▶ _Data records_:
_ _ _ _
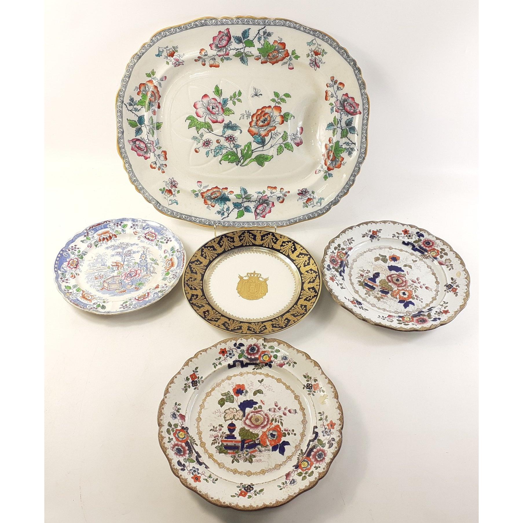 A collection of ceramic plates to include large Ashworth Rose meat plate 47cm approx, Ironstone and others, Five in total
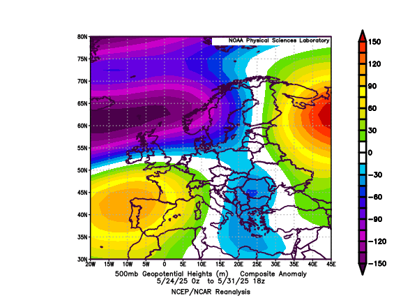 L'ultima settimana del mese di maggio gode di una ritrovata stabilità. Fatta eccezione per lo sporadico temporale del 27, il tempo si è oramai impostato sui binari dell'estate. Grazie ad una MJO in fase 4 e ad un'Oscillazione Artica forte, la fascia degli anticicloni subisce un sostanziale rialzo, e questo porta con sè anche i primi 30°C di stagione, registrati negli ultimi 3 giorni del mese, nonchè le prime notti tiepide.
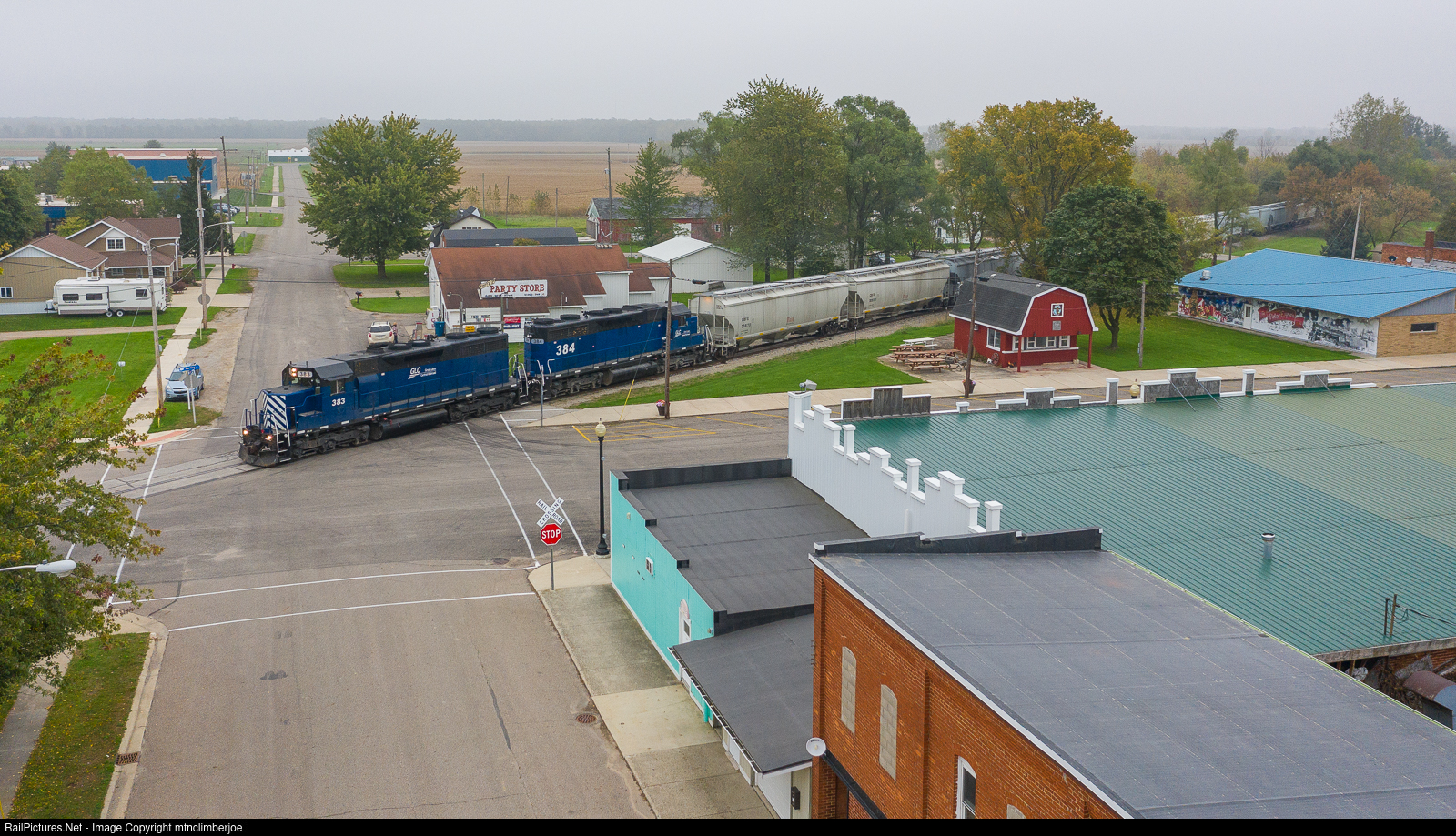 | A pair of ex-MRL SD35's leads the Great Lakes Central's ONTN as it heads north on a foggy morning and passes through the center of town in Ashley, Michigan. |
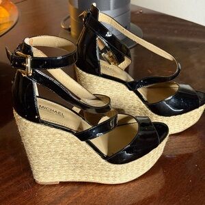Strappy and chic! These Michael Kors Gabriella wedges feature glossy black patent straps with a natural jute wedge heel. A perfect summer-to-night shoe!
_ _ _ _
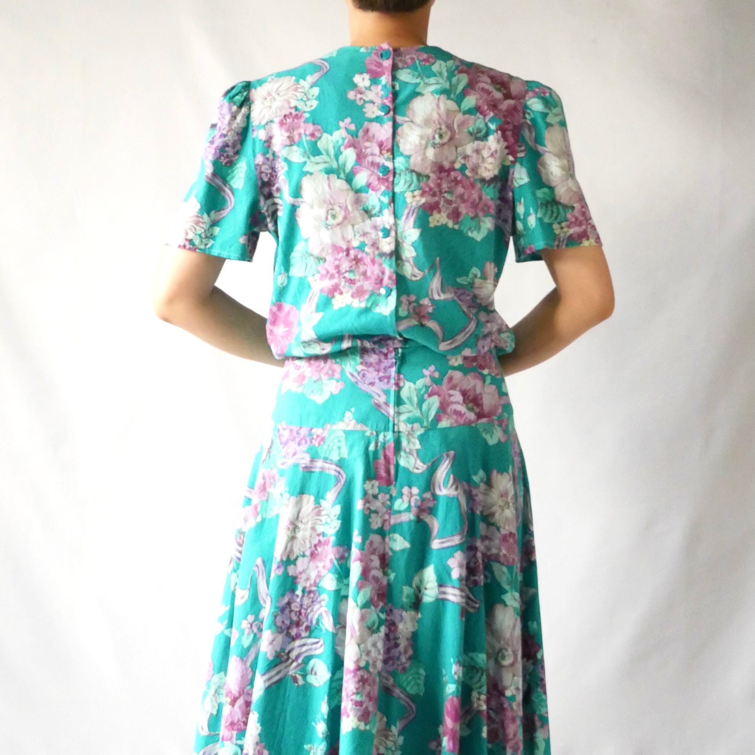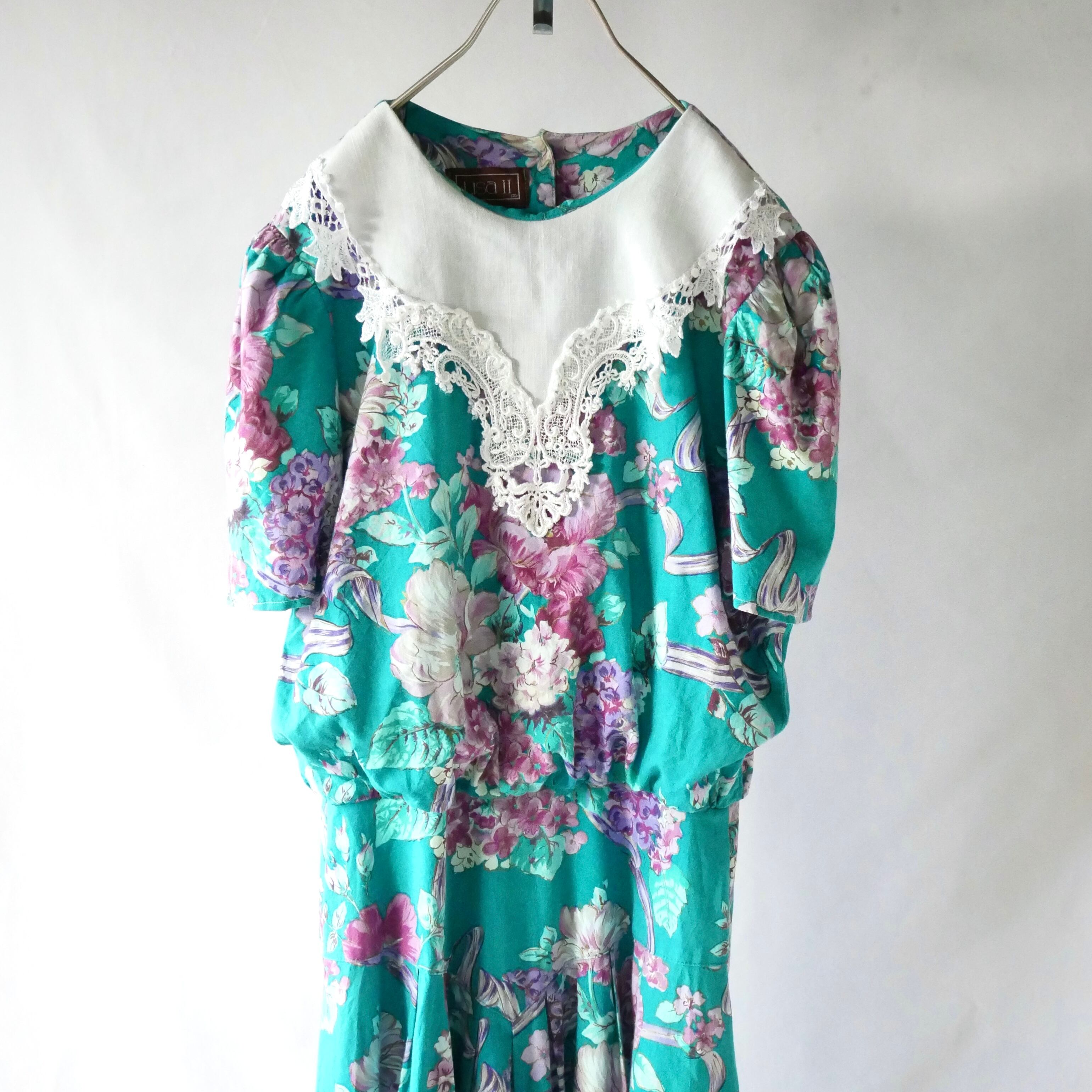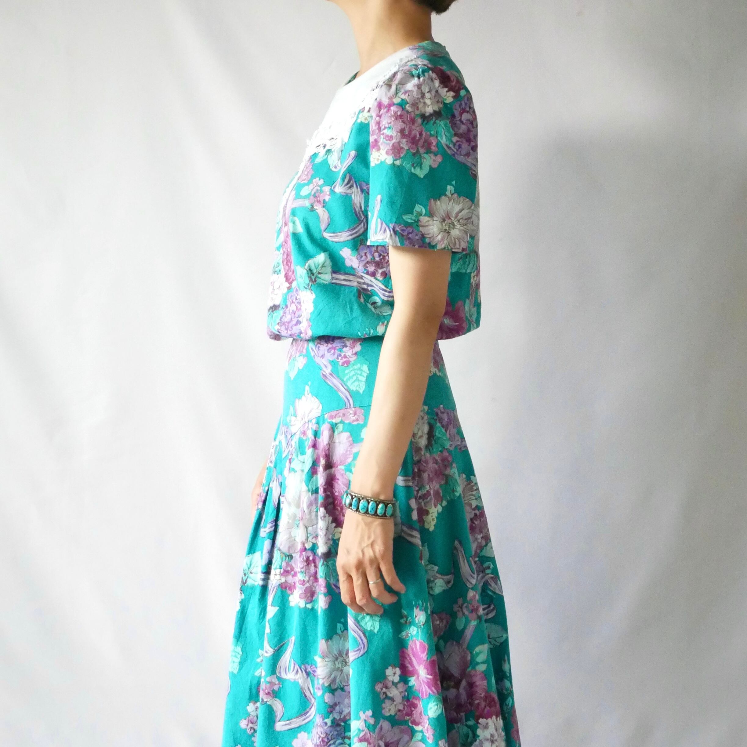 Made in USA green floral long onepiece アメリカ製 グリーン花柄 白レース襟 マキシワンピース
_ _ _ _
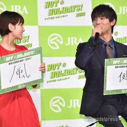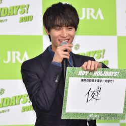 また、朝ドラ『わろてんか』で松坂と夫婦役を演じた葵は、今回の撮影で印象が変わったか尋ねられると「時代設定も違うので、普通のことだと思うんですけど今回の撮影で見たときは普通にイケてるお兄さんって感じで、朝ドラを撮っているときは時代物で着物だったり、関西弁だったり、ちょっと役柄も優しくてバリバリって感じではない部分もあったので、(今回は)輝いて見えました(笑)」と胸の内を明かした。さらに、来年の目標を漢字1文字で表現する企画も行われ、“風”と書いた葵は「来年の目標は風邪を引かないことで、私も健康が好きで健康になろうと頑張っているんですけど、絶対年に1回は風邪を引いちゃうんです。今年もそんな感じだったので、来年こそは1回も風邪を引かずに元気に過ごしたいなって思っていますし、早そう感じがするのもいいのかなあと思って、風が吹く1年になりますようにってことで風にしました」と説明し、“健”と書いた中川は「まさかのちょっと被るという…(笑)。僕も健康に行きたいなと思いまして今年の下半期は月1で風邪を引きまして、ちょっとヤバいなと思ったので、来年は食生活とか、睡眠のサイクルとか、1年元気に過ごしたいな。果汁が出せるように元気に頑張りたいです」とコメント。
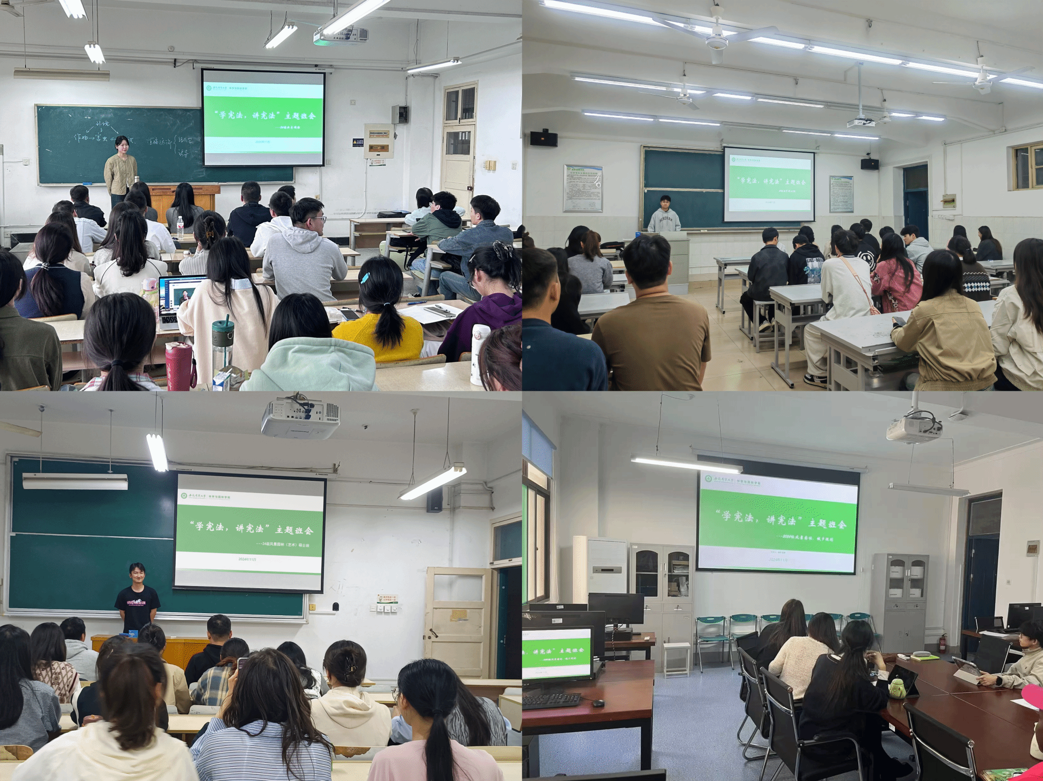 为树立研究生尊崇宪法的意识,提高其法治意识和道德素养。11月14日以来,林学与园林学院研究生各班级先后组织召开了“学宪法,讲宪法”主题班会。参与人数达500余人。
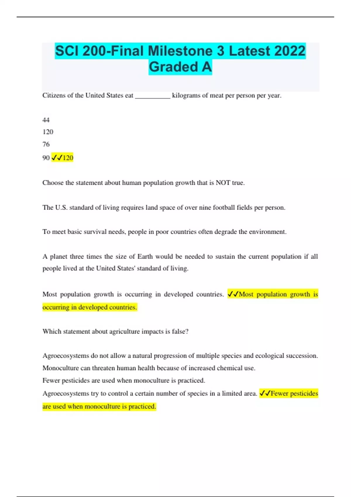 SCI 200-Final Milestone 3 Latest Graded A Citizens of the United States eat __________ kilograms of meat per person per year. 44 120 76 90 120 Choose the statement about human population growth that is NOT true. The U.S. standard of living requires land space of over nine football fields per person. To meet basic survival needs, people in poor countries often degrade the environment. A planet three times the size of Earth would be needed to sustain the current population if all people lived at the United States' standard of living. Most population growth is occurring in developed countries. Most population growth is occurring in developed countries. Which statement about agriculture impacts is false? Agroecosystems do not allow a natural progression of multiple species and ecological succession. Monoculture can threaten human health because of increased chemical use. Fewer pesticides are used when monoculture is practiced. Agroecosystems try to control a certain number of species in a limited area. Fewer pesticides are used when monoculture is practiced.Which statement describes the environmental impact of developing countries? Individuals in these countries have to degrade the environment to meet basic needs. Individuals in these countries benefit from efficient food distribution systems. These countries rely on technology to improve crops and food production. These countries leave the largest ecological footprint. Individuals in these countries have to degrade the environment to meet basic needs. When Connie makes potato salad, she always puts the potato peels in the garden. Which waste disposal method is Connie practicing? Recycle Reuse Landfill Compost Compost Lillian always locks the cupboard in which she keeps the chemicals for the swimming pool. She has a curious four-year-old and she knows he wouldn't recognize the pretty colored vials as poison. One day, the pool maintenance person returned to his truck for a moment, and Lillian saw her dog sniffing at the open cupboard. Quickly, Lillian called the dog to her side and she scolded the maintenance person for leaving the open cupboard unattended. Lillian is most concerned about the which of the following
_ _ _ _
▶ _What is needed_: While skipping the pictures, transcribe the data above from the line showing "A collection of" through the line showing "Strappy and chic!", exactly and with both ends.

▶ _Your solution_:
 A collection of ceramic plates to include large Ashworth Rose meat plate 47cm approx, Ironstone and others, Five in total
 L'ultima settimana del mese di maggio gode di una ritrovata stabilità. Fatta eccezione per lo sporadico temporale del 27, il tempo si è oramai impostato sui binari dell'estate. Grazie ad una MJO in fase 4 e ad un'Oscillazione Artica forte, la fascia degli anticicloni subisce un sostanziale rialzo, e questo porta con sè anche i primi 30°C di stagione, registrati negli ultimi 3 giorni del mese, nonchè le prime notti tiepide.
 | A pair of ex-MRL SD35's leads the Great Lakes Central's ONTN as it heads north on a foggy morning and passes through the center of town in Ashley, Michigan. |
Strappy and chic! These Michael Kors Gabriella wedges feature glossy black patent straps with a natural jute wedge heel. A perfect summer-to-night shoe!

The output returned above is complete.